Однажды я спросила об этом своего друга, Худого.
– Послушайте, а с вами так не происходит, что все меньше тянет на художественную литературу и все больше – на документ?
– Ого, еще как! – ответил Худой и улыбнулся обтянутым своим лицом.
– А почему бы это?
Худой подумал и сказал, очень серьезно:
– Процент правды больше.
Процент правды. Именно так. Спасибо, Худой.
Я читаю книги кубометрами, как кит, всасывающий морскую воду и почти всю ее выпускающий обратно, чтобы оставить внутри, на усах, самую малость того, чем он питается, – процент правды.
Раньше, в молодости, меня интересовало вымышленное. Теперь меня больше интересует вымысливший. Что заставило его, писателя, вымыслить это, а не что-то другое? И вообще как он жил? Как вставал по утрам, с трудом приподнимая с постели и ставя на коврик свои, возможно, отекшие ноги? Как одевался, садился за стол, надламывал хлеб? Кто сметал со стола крошки?
Или не писатель – пусть актер. И не какой-нибудь всемирно известный, боже сохрани, а заурядный, провинциальный, который всего-то и был знаменит, что одним талантливым вскриком в одном месте одной роли. Этот вскрик сохранился в одной строке одной книги, скажем "Страницы былого", так любят называться воспоминания, – и строка вскрикивает голосом давно умершего актера и потрясает меня, и я готова поцеловать книгу.
А может быть, дело не только в проценте правды, а еще и в другом – в игре? С возрастом пропадает потребность к игре и уменье играть. Молодой котенок все время играет. Пожилой кот только щурится, подогнув лапы, на бумажный бантик.
У некоторых способность к игре сохраняется дольше; у нас с Худым она угасла сравнительно рано.
Я вообще мало способна к играм. Например, шахматы. Пробовала – не могу. И не по какой-нибудь особой глупости – просто не удается принять всерьез условия игры, или, как у нас говорят, УИ.
Так и во всем. Скажем, в литературе. Многие любят детектив, научную фантастику, я – нет. Не принимаю УИ.
И всюду меня преследуют УИ, и всюду я их не понимаю. Есть специальные УИ для научных статей, для брака, для похорон, юбилеев. Я никогда ими не могла овладеть. Может быть, этим я себя обеднила. Если УИ существуют, тем самым они заслуживают внимания, а значит, изучения. Моя по отношению к ним чисто отрицательная, нигилистическая позиция слишком эмоциональна и недостойна научного работника.
"Не смеяться, не плакать, только понимать", – сказал Спиноза. Правильно, но для меня, увы, невозможно.
Вероятно, во многих отношениях мне просто не хватает ума.

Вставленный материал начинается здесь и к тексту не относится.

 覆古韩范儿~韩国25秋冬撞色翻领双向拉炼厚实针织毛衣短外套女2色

Нет, не того элементарного, торгового ума, которым в избытке наделен Обтекаемый. Не дай мне бог такого ума. Гораздо больше меня привлекает скорбный, иронический ум Худого. Но и с ним я бы не поменялась, нет. Этот ум слишком, я бы сказала, дистиллирован. В нем не хватает жизненных примесей. В каждом умном человеке, по-моему, должно быть чуточку дурака. Я знаю Худого много лет, но так и не могла обнаружить в нем дурака. Или его вообще нет, или он очень глубоко запрятан.

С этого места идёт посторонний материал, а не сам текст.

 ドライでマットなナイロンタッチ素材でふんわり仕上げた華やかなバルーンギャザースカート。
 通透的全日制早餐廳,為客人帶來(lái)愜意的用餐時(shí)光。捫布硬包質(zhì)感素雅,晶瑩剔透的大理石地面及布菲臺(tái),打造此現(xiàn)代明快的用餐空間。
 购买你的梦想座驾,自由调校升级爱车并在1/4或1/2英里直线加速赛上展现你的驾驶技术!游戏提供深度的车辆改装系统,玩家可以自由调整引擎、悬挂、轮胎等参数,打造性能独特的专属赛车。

Зато во мне дурака более чем достаточно. Из нас двоих с Худым, пожалуй, можно было бы составить одного умного человека…
А Обтекаемый…
Фу-ты, наваждение. Передо мной опять возник очень реальный образ Обтекаемого, по грудь срезанный кафедрой, – его гладкое, миловидное лицо, мягкая прядь зачесанных набок, почти без седины, волос. Этому лицу противоречили, были на нем почти неприличными старческие мешочки в углах щек. Такому лицу надо было быть вечно, осторожно, неуязвимо молодым. То, что оно слегка поддалось времени, как бы дало вмятину, нарушало его благопристойную завершенность.